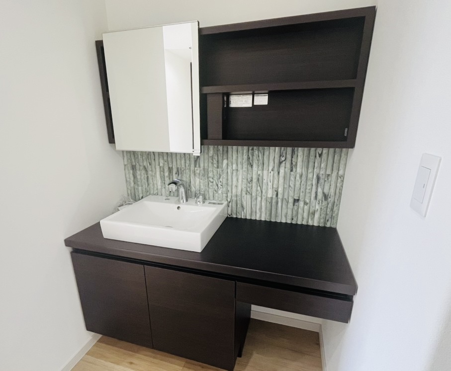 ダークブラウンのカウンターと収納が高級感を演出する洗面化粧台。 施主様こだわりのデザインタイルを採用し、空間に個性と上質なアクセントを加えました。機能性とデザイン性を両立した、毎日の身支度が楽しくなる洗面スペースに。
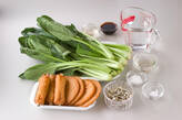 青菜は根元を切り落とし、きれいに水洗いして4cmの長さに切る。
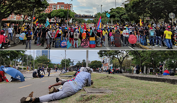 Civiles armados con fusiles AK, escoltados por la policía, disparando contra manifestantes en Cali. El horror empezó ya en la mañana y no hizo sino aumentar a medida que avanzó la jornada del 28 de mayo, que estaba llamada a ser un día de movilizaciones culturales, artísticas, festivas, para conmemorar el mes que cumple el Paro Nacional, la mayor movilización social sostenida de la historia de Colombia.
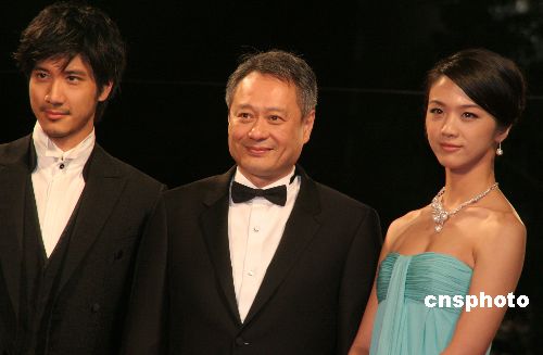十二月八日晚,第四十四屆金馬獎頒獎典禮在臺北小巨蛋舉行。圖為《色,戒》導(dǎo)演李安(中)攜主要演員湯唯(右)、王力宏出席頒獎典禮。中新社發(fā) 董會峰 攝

= = = = =

* Task item: Every line from the one containing "Civiles armados con" through the last line of the listing must be written out again exactly, and no other line. Leave the pictures aside.

* Expected answer:
 Civiles armados con fusiles AK, escoltados por la policía, disparando contra manifestantes en Cali. El horror empezó ya en la mañana y no hizo sino aumentar a medida que avanzó la jornada del 28 de mayo, que estaba llamada a ser un día de movilizaciones culturales, artísticas, festivas, para conmemorar el mes que cumple el Paro Nacional, la mayor movilización social sostenida de la historia de Colombia.
十二月八日晚,第四十四屆金馬獎頒獎典禮在臺北小巨蛋舉行。圖為《色,戒》導(dǎo)演李安(中)攜主要演員湯唯(右)、王力宏出席頒獎典禮。中新社發(fā) 董會峰 攝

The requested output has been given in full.